The fourth quarter of 2009 was West Marine’s second consecutive quarter of being debt-free at the end of the period. The second half of 2009 was the first debt free period for West Marine in over 20 years.
Net revenues for the 13 weeks ended Jan. 2 were $103.9 million, a decrease of $7.1 million from net revenues of $111.1 million for the 14 weeks ended Jan. 3, 2009. Comparable store sales for the fourth quarter decreased 4.8 percent.
According to the company, West Marine’s fourth quarter net revenues – adjusted to remove the impact of an extra week in the fourth quarter of 2008 – increased by $1.5 million and adjusted comparable store sales increased by 3.2 percent. Net loss for the fourth quarter was $12.8 million, compared to a net loss of $29.0 million for the fourth quarter last year.
For the entire fiscal year, the company’s net income was $12.4 million, an improvement of $51.2 million over the net loss of $38.8 million for fiscal year 2008. Net revenues for the 52 week year were $588.4 million. Adjusted to remove the impact of an extra week in the 2008 fiscal year, 2009 fiscal year adjusted net revenues decreased by $36.8 million, or 5.9 percent, and adjusted comparable store sales decreased by 2.7 percent versus fiscal year 2008. Cash generated from operating activities for the year more than tripled to $62.6 million, compared to $20.6 million for fiscal year 2008, an all-time record for West Marine.

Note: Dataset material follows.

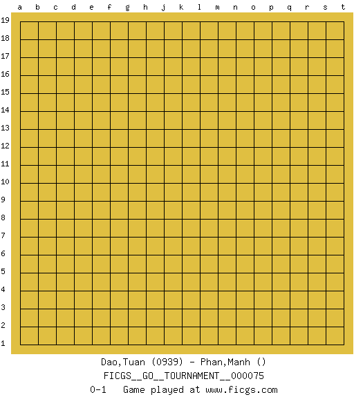 Last move : 0-1 2021 January 2 16:43:29 [Event "FICGS__GO__TOURNAMENT__000075"] [Site "FICGS"] [Date "2020.12.03"] [Round "1"] [Black "Dao,Tuan"] [White "Phan,Manh"] [Result "0-1"] [Rating 1 "0939"] 0-1 This go game has been lost on time (started : 2020.12.03 6:53:24) Here are the names of the openings (joseki) played in the four corners : Player White won this Go (weiqi, baduk) game. Follow this game move after move (download)In opponents' sphere of influence, avoid sharp conflict, don't move too deep. (Otake Hideo, 9p) Don't be irreplaceable, if you can't be replaced, you can't be promoted. (Dan Rotaru)
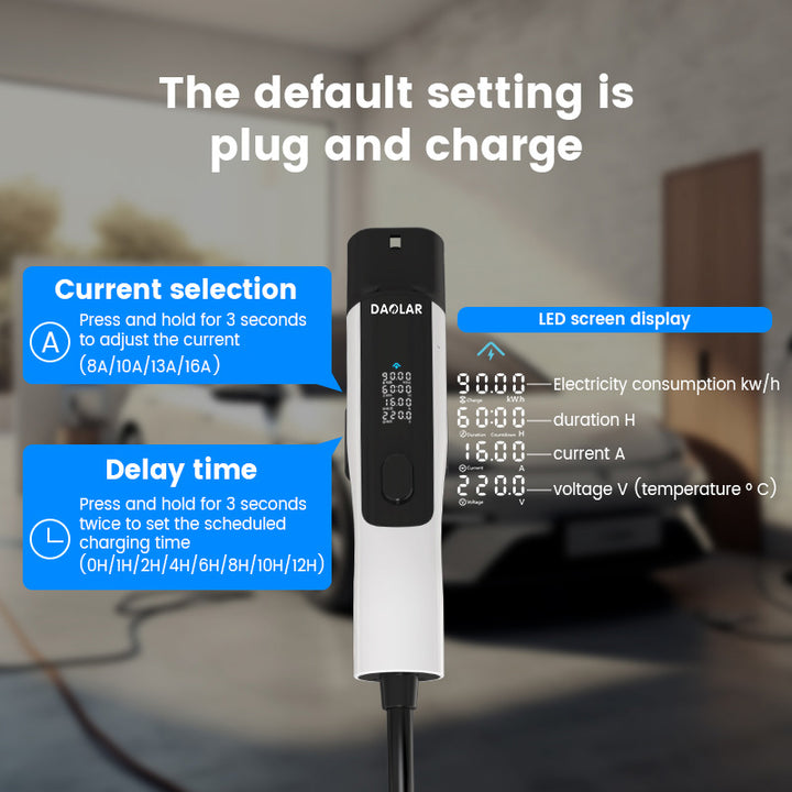 - Nastaviteľný prúd, flexibilné nabíjanie: Jednoduchým 3-sekundovým stlačením môžete **prepínať medzi 8A, 10A, 13A a 16A**. Optimalizujte nabíjanie pre domácu sieť alebo potreby na cestách, šetrite elektrinu a peniaze!

“We are certainly pleased with our progress during 2009 and are delighted to report such a significant improvement in earnings and cash flow,” Geoff Eisenberg, West Marine’s CEO, said in the year-end report. “Especially considering how difficult a year it was for the boating industry, I think it’s quite noteworthy that West Marine was profitable for the year.”
According to Eisenberg, the company was able to gain ground this year because of changes in the market.
“The changes we made during 2008 and early 2009 helped position us to take advantage of changes in the competitive landscape, which included the liquidation of one of our primary national competitors, Boater’s World,” Eisenberg said. “We also benefited from an increase in boat usage in some markets, continued strength in do-it-yourself type projects, plus positive customer response toward our expanded product assortments and new store formats. Our associate teams did an outstanding job improving our overall productivity, understanding and fulfilling customers’ needs, increasing inventory turns, managing capital and positioning West Marine well for the future.”